Sara (33) is een van die ‘coronavluchtelingen’. De geboren en getogen Antwerpse wisselde dit voorjaar haar stadsappartement zonder buitenruimte voor een gelijkvloers met tuin buiten de Singel. “Had me dat twee jaar geleden gezegd en ik had je gek verklaard. Maar ik merkte in de lockdown dat ik buitenruimte ontzettend begon te missen, ook al heb ik altijd in de stad gewoond. Wanneer ik in een park ging zitten om te lezen, overviel de drukte me. Ik liep permanent rond met een opgejaagd gevoel. De stad als terras bleek niet voldoende.”
De dertiger heeft nu een bescheiden stadskoer waar ze vanaf de namiddag volle zon heeft.
Al wie nu zijn zinnen op een nieuwe stek zet, zeker in de dertien centrumsteden, is eigenlijk te laat of te vroeg. Te laat, omdat de prijzen na de eerste lockdown vorig jaar in de lente enorm gestegen zijn. Te vroeg, omdat die abnormale stijgingen wellicht – zo voorspellen banken, makelaars en notarissen – in de herfst weer zachtjes zullen dalen.
De overheidsmaatregelen vallen stilaan weg, en dus loeren er – helaas – meer faillissementen en meer werkloosheid om de hoek. Dat zou de vastgoedprijzen moeten ‘kalmeren’. Makelaar Kevin Gobbers: “De interesse neemt nu al wat af. Dat is klassiek: bij de eerste warme dagen willen de mensen gaan BBQ’en en terrasjes doen. Mensen zitten niet meer uren binnen op immosites te scrollen of zich aan de grootte van hun terras te ergeren.”
Enveloppe bij de koffie
Naast de timing is locatie álles in de vastgoedsector, en dat is meer dan een standaardpraatje van flitsende makelaars uit de absurd populaire tv-programma’s over vastgoed. Decennialang onderzoek bevestigt die uitspraak. “De gemiddelde woningprijzen in heel België gaan gestaag omhoog”, zegt Frank Vastmans (KU Leuven), woningmarkteconoom bij het Steunpunt Wonen. Maar er zijn regionale verschillen. De prijzen in de Vlaamse centrumsteden stegen de laatste vijf jaar gemiddeld met 4,75 procent, waar dit in de rest van Vlaanderen iets minder dan 4 procent was.
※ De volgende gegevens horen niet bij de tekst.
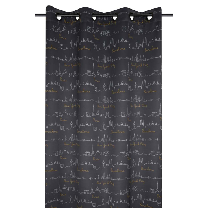 Плътно тъмносиво перде блекаут с артистични мотиви и капси за закачане на тръбен корниз, 140/260 см

In sommige wijken in de stadscentra bemerken makelaars zelfs stijgingen van 12 tot 15 procent. Huizen die vorig jaar 300.000 euro kostten, staan nu op immosites te blinken voor 485.000. Mensen overbieden met tienduizenden euro’s de vraagprijs om toch maar in BoHo (Borgerhout) of aan ’t Zuid (in Antwerpen en Gent) te kunnen wonen. Of ze proberen de verkopers te verleiden – zo luiden geruchten – met een etentje in een sterrenrestaurant of dure festivaltickets opdat ze toch maar op hun schamele bod zouden ingaan.
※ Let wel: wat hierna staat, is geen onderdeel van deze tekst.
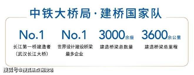 中铁大桥局集团前身为1953年修建万里长江第一桥“武汉长江大桥”经政务院批准成立的铁道部大桥局,是中国桥梁事业的领军者,是世界上设计桥梁最多的企业,中国“一带一路”走向世界的“建桥国家队”。在世界范围内建造桥梁总数超过3000 座,建造桥梁总里程超过3600余公里,建桥技术国际领先。近70年来,公司曾先后参与建设了杭州湾跨海大桥、东海大桥、港珠澳大桥、武汉长江大桥、南京长江大桥等一系列知名桥梁,一直引领着中国桥梁事业发展方向,以建桥的心志去建造住宅。

Maakt die koopwoede dat kinderen vaker bij hun (groot)ouders aankloppen? Veel bankiers, economen en notarissen menen van wel, maar uitgebreide cijfers zijn haast niet te vinden. Ouders geven of lenen hun kinderen vaak geld via onofficiële kanalen – een enveloppe op zondag bij de taart – en daar zijn geen ‘bewijzen’ van.
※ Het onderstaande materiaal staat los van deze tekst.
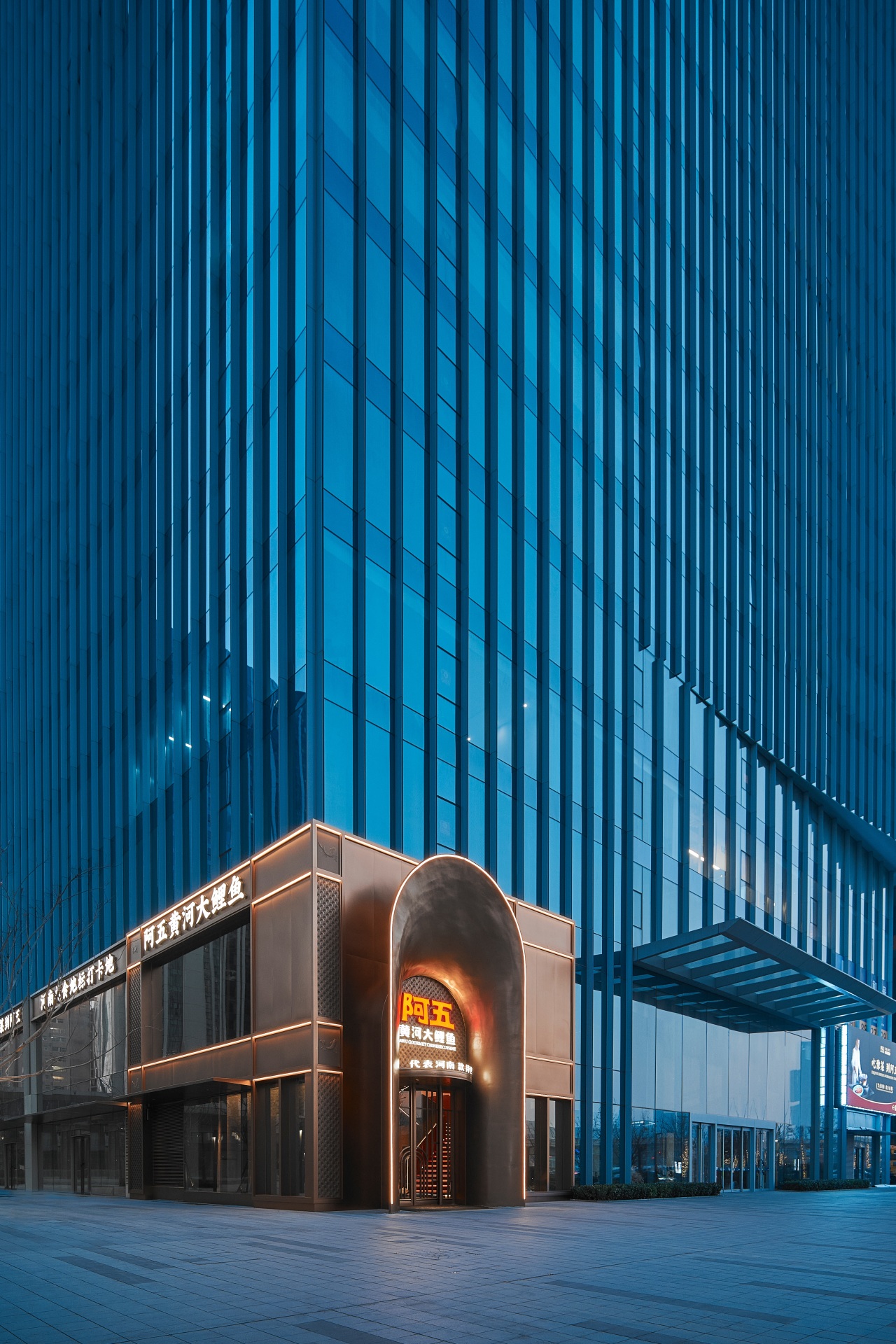 门头采用大气磅礴的拱形金属门设计,巧妙融入鱼鳞文化与鼎文化符号——鱼鳞呼应阿五标志性的黄河鲤鱼,鼎则彰显中原作为华夏腹地的厚重底蕴,一进门便将河南文化的辨识度拉满。

Slechts zelden worden deze giften of schenkingen bij de notaris op papier gezet of geregistreerd. Bij vele families gaat het dan om een soort voorschot op de erfenis of om het delen van de winst die deze ouders of grootouders maakten toen ze hun eigen gezinswoning verkochten om kleiner te gaan wonen.
Het Grote Woononderzoek geeft wel een goede indicatie van de gestegen ‘hulp’ van de mama’s, papa’s maar ook bomma’s en bompa’s van de starters. In de periode tussen 1995 en 2000 kreeg 20 procent van de starters hulp van zijn familie, in de tien jaar erna was dat al 40 procent.
De laatste jaren gaat het wellicht om de helft van alle starters. “Gemiddeld gaat het om 30.000 euro”, zegt onderzoeker Kristof Heylen (HIVA-KU Leuven). “Tien jaar geleden was dit bedrag even hoog. De steun van ouders en grootouders blijkt een constant gegeven.”
Hilde en haar man bijvoorbeeld gaven hun dochters 25.000 euro en leenden hen nog eens 18.000 euro zonder interest. “Maar die lening hebben we later laten vallen. Wij zijn niet heel rijk, maar hebben altijd voltijds gewerkt en gespaard.
“Ik doe mijn kinderen liever nu een plezier dan dat ze later erven wanneer het niet meer nodig is. In de toekomst hoop ik hen nog verder te kunnen helpen, als ze een nieuwe badkamer willen, of zo. Als je daardoor zelf niet in de problemen komt... Het is al moeilijk genoeg voor de jongeren vandaag.”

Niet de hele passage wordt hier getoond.